Public Release: 

Stigma Hinders Working Poor, Welfare Recipients

Penn State

SAN FRANCISCO, Calif.-- Working poor and welfare-dependent people feel challenged by stigma and stereotypes, although they want and strive for a better life, just like everyone else, say researchers.

"Since the passage of the Personal Responsibility and Work Opportunity Reconciliation Act in 1996, policymakers and social commentators have speculated on the effects of welfare reform on parents and children," says Dr. Linda Burton, professor of human development and sociology at Penn State.

"But it is still unknown how individuals are experiencing the complex new welfare system that is still emerging two years later, varying greatly by state and even by county," she adds. "It may be experienced differently by people from different racial and ethnic groups."

Stigma is an underestimated powerful and subtle force that affects people in different ways, say the researchers. The struggle to lead ordinary lives for working poor and welfare-dependent is hard enough, without facing negative attitudes even from professionals who are part of the support system.

Burton, Frank Avenilla and Tasha Snyder, graduate students at Penn State, Robin Jarrett of University of Illinois at Urbana-Champaign, Judy Francis and Constance Williams of Brandeis University and James Quane of Harvard University presented their findings today (Aug. 23) at the American Sociological Association annual conference.
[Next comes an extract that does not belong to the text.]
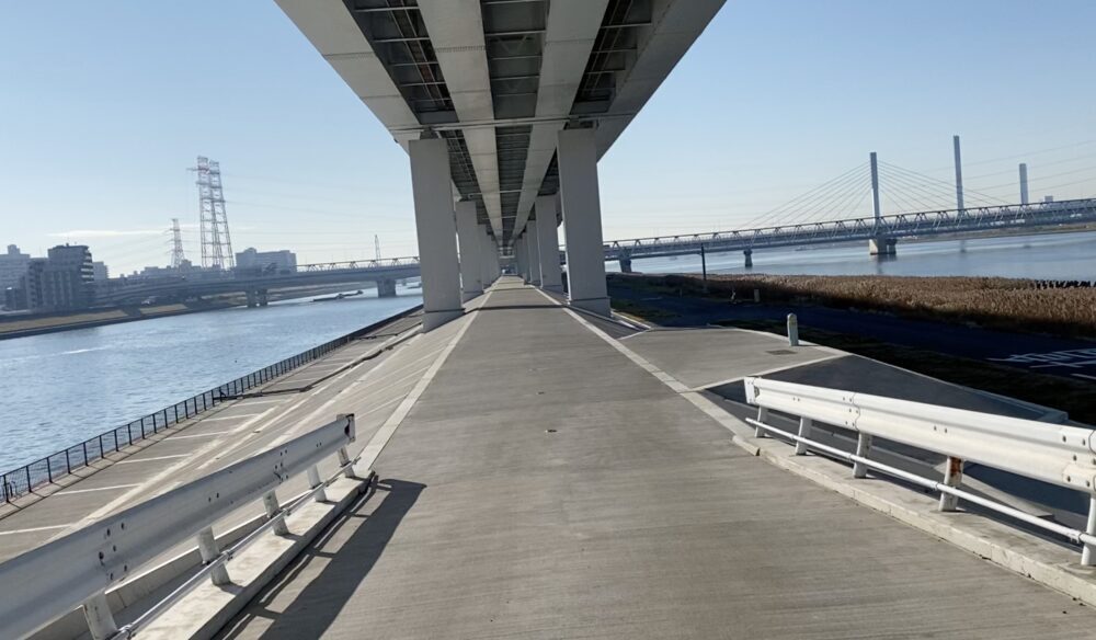 江戸川区を流れる荒川は都内でも有数の大きな川ですが、葛飾区から並行して流れる中川との間は荒川中洲と呼ばれ、首都高速中央環状線の下の河川敷は川に両側を挟まれた道が西葛西付近まで続いている道となります。

The researchers conducted interviews involving 220 welfare-dependent and working poor men and women in 21 focus groups held in Chicago, Boston and Baltimore. The participants included African Americans, White Americans, Mexican Americans, Puerto Ricans and recent immigrants from the Dominican Republic and El Salvador.

In the focus groups, working poor and welfare-dependent individuals reinforced the stigma by citing examples of welfare system abusers, but they considered their own situation as distinctive and separate from undeserving people.

"There are mothers who get aid and change the stamps for cash because they like to drink...I've heard about it, I've seen it. I've been offered...And I don't. What they give for the benefit of the children, I spend it very well on my children," says one participant of a focus group.

Participants complained that they constantly encounter scorn and barriers from some social workers and potential employers. Constantly running that stigma gauntlet drains a person's energy, which could be better used to obtain work and take care of their families, says Burton, also a senior research associate with Penn State's Population Research Institute.

"Basically, they are running your life. They want to know everything. They want to know who you slept with and what kind of contraceptive you're using. You have babies when they want you to have them, you get mad when they want you to get mad," says a focus group participant.

In the future, policymakers need to take care that their proposals are not based on stigma and stereotypes, but well-researched information about individuals receiving assistance, according to the researchers.

"Most working poor and welfare-dependent people feel they are penalized for wanting ordinary things," says Burton. "That paradox may interfere with their progress in moving up the economic ladder and transitioning from government assistance."

The researchers' report is an initial phase in the ethnographic component of a larger on-going project, "Welfare Reform and Children: A Three-City Study." The overall project is headed by Ronald Angel of University of Texas-Austin, Burton of Penn State, P. Lindsay Chase-Lansdale of University of Chicago, Andrew Cherlin and Robert Moffitt, both of Johns Hopkins University, and William Julius Wilson of Harvard University.